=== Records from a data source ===
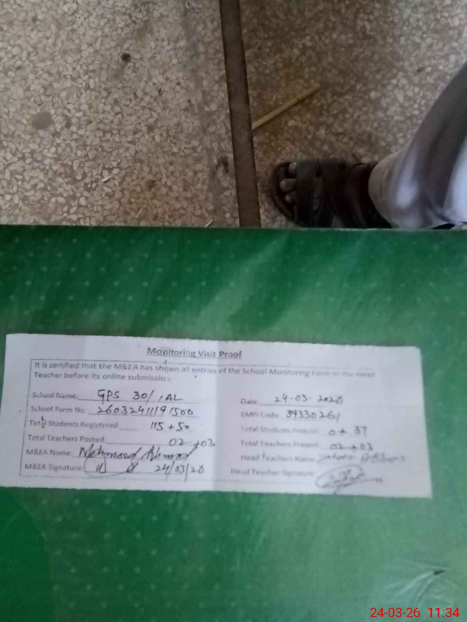 | Attendance Register | Head Teacher | MEA with School | Visit Proof |
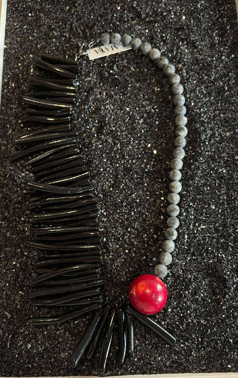 Μακρύ κολιέ με ασημένια στοιχεία
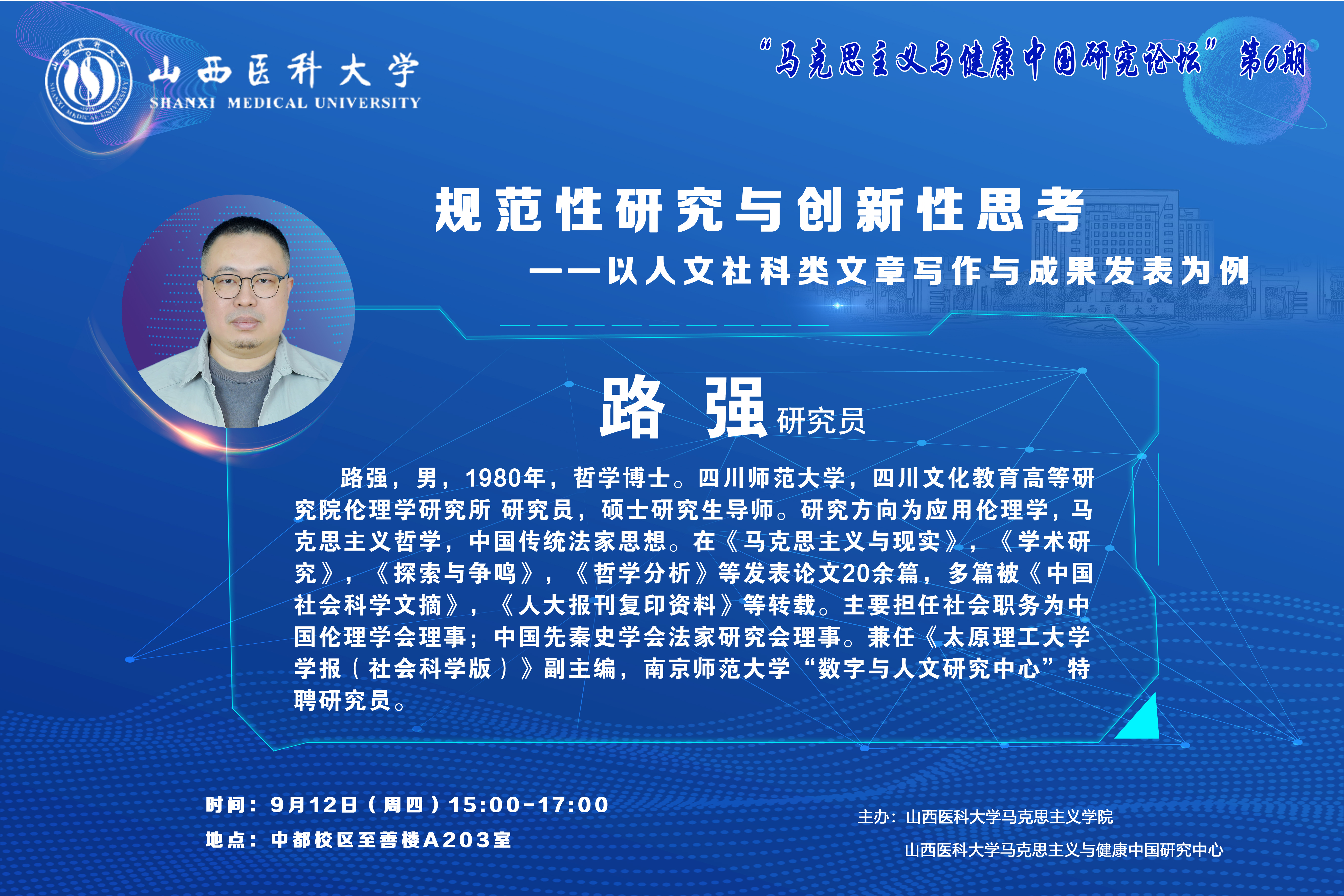 【“马克思主义与健康中国研究讲坛”第6期】路强讲“规范性研究与创新性思考——以人文社科类文章写作与成果发表为例”
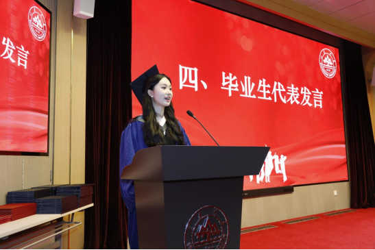 教师代表孙瑞琪、陈茁先后上台发言,他们对毕业生们顺利完成学业表示祝贺,同时也回忆了与同学们相处的点点滴滴。老师们肯定了同学们在学业上的努力和取得的成绩,鼓励大家在未来的日子里保持学习热情,不断提升自己,在各自的领域发光发热。
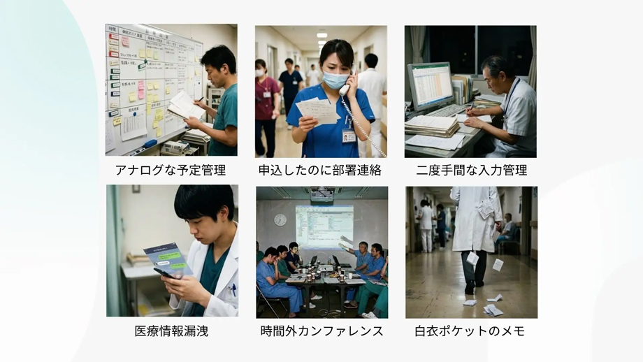 整形外科医として15年にわたる病院勤務の経験から、手術診療に伴うアナログ業務の実態を身をもって知っています。外科系医療者は、本来の専門性とは切り離された「ノンコア業務」に多大な時間を費やしており、手術診療がチーム医療である以上、その負担は多職種にわたります。これは地域中核病院にとって切実な経営課題でもあります。

=== ABOUT THIS EXERCISE ===
Would you set down the records exactly, with no pictures included?

=== ANSWER BOX ===
 | Attendance Register | Head Teacher | MEA with School | Visit Proof |
 Μακρύ κολιέ με ασημένια στοιχεία
 【“马克思主义与健康中国研究讲坛”第6期】路强讲“规范性研究与创新性思考——以人文社科类文章写作与成果发表为例”
 教师代表孙瑞琪、陈茁先后上台发言,他们对毕业生们顺利完成学业表示祝贺,同时也回忆了与同学们相处的点点滴滴。老师们肯定了同学们在学业上的努力和取得的成绩,鼓励大家在未来的日子里保持学习热情,不断提升自己,在各自的领域发光发热。
 整形外科医として15年にわたる病院勤務の経験から、手術診療に伴うアナログ業務の実態を身をもって知っています。外科系医療者は、本来の専門性とは切り離された「ノンコア業務」に多大な時間を費やしており、手術診療がチーム医療である以上、その負担は多職種にわたります。これは地域中核病院にとって切実な経営課題でもあります。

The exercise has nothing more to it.